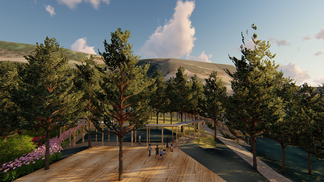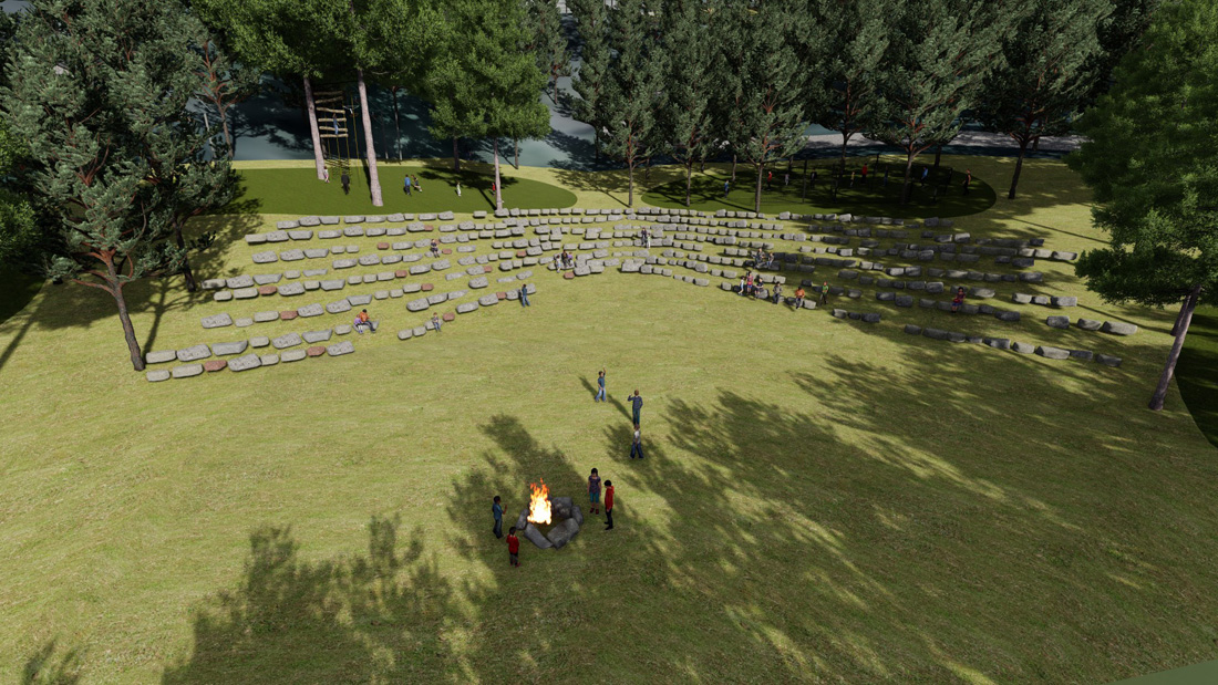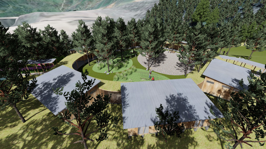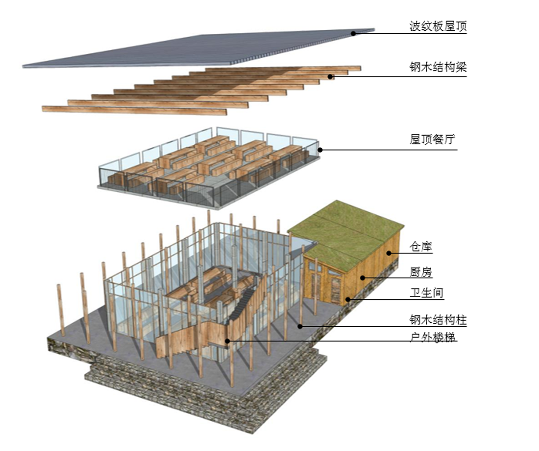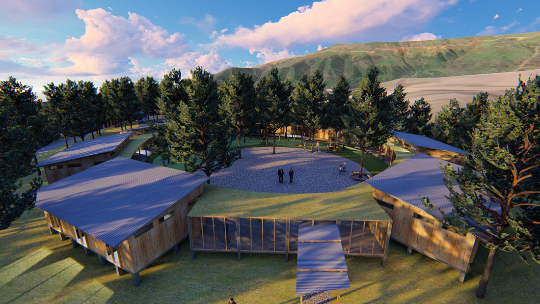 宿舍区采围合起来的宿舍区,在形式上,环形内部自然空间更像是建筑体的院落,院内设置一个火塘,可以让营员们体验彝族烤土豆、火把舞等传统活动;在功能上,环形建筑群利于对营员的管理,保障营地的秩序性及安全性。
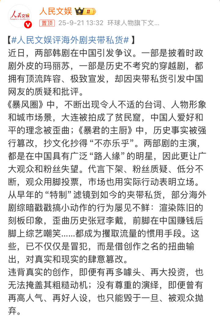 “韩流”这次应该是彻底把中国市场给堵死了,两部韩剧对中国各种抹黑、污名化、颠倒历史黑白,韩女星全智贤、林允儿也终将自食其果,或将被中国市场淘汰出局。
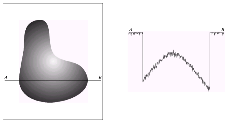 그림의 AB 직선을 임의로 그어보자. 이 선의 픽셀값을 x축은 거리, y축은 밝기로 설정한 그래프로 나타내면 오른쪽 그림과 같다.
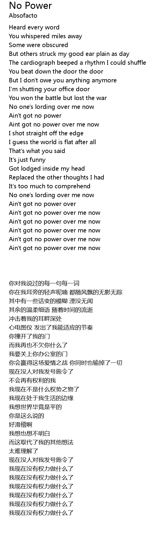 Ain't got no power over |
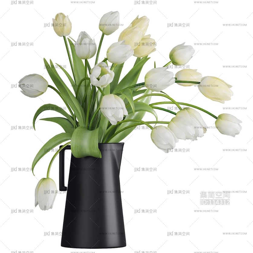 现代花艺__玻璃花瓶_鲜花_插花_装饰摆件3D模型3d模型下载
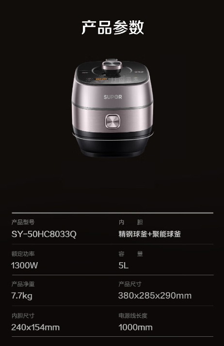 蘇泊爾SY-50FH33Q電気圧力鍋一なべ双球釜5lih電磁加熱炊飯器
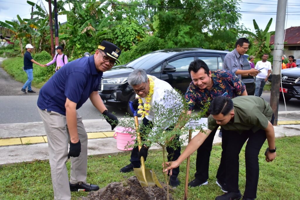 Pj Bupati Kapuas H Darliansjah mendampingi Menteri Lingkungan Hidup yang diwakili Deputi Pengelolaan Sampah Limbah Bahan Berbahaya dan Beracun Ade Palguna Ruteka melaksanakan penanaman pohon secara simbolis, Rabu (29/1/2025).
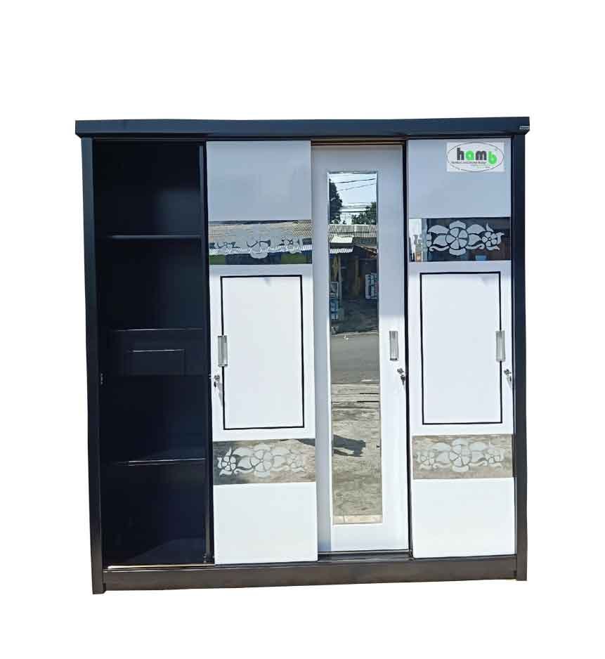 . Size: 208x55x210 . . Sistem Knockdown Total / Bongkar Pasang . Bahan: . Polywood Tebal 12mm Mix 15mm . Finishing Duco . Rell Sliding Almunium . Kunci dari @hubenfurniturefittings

===

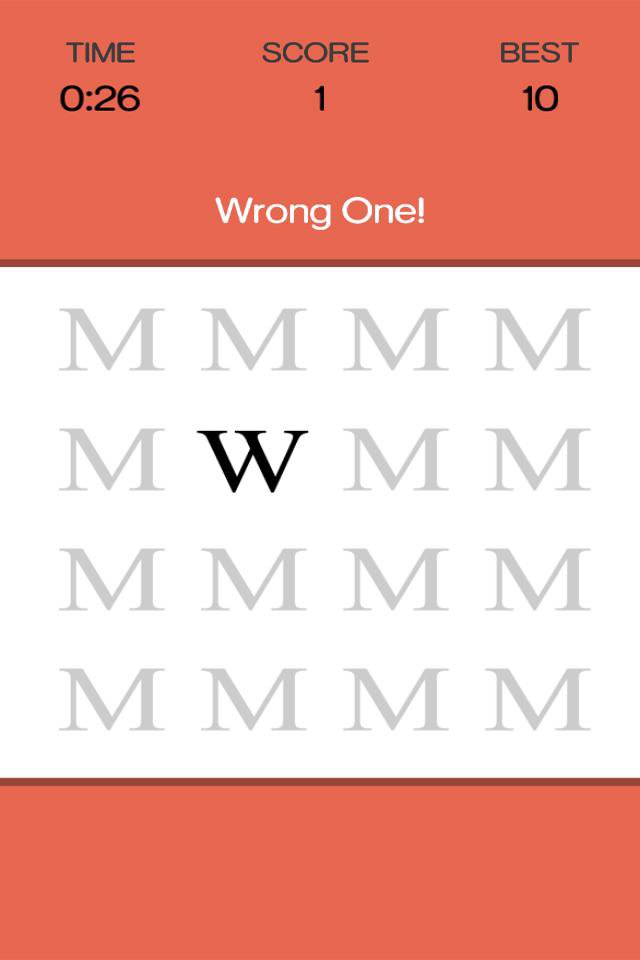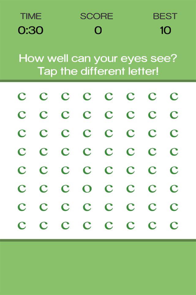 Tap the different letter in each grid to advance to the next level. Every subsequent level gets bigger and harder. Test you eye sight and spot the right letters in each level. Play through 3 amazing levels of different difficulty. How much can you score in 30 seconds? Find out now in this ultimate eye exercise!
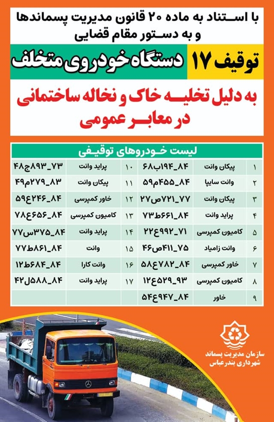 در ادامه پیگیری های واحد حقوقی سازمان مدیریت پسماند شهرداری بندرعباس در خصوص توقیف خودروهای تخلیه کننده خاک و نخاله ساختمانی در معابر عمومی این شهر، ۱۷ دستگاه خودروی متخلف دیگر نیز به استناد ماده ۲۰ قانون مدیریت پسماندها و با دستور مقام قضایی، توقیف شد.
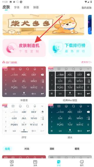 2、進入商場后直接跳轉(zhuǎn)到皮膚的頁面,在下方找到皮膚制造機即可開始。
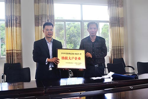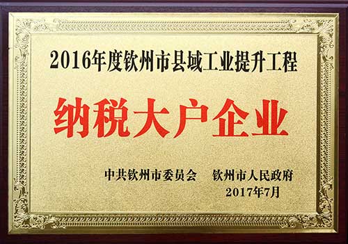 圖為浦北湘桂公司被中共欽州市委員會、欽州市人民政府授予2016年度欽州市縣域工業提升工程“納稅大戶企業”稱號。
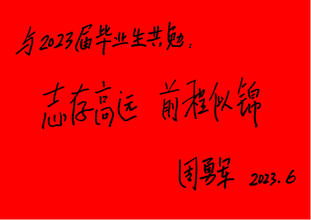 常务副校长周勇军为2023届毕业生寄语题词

===

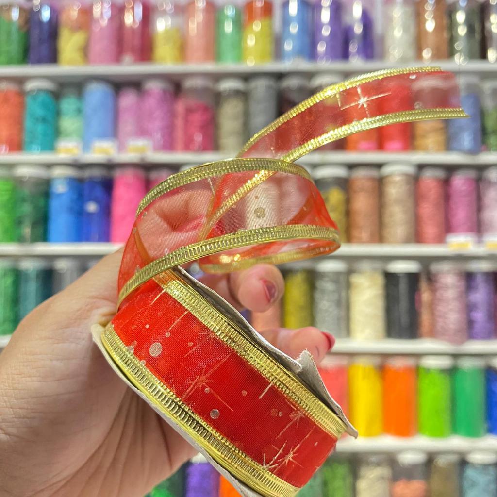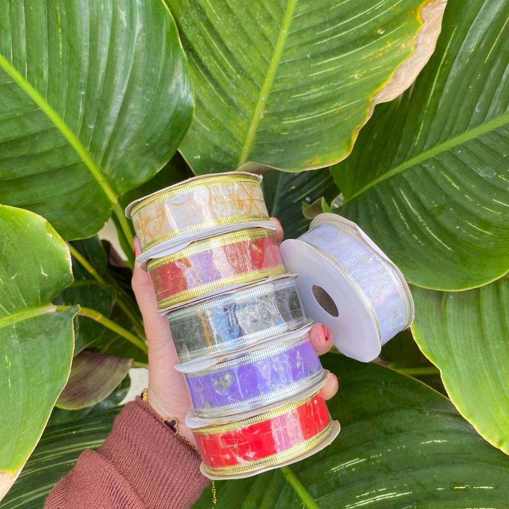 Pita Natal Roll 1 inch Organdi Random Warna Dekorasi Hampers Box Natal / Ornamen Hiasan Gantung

===

**Task item**
With pictures omitted, repeat the entries above word for word from the line holding "现代花艺__玻璃花瓶_鲜花_插花_装饰摆件3D模型3d模型下载" down to the line holding "Pj Bupati Kapuas", keeping both of those lines.

**Finished exercise**
 现代花艺__玻璃花瓶_鲜花_插花_装饰摆件3D模型3d模型下载
 蘇泊爾SY-50FH33Q電気圧力鍋一なべ双球釜5lih電磁加熱炊飯器
 Pj Bupati Kapuas H Darliansjah mendampingi Menteri Lingkungan Hidup yang diwakili Deputi Pengelolaan Sampah Limbah Bahan Berbahaya dan Beracun Ade Palguna Ruteka melaksanakan penanaman pohon secara simbolis, Rabu (29/1/2025).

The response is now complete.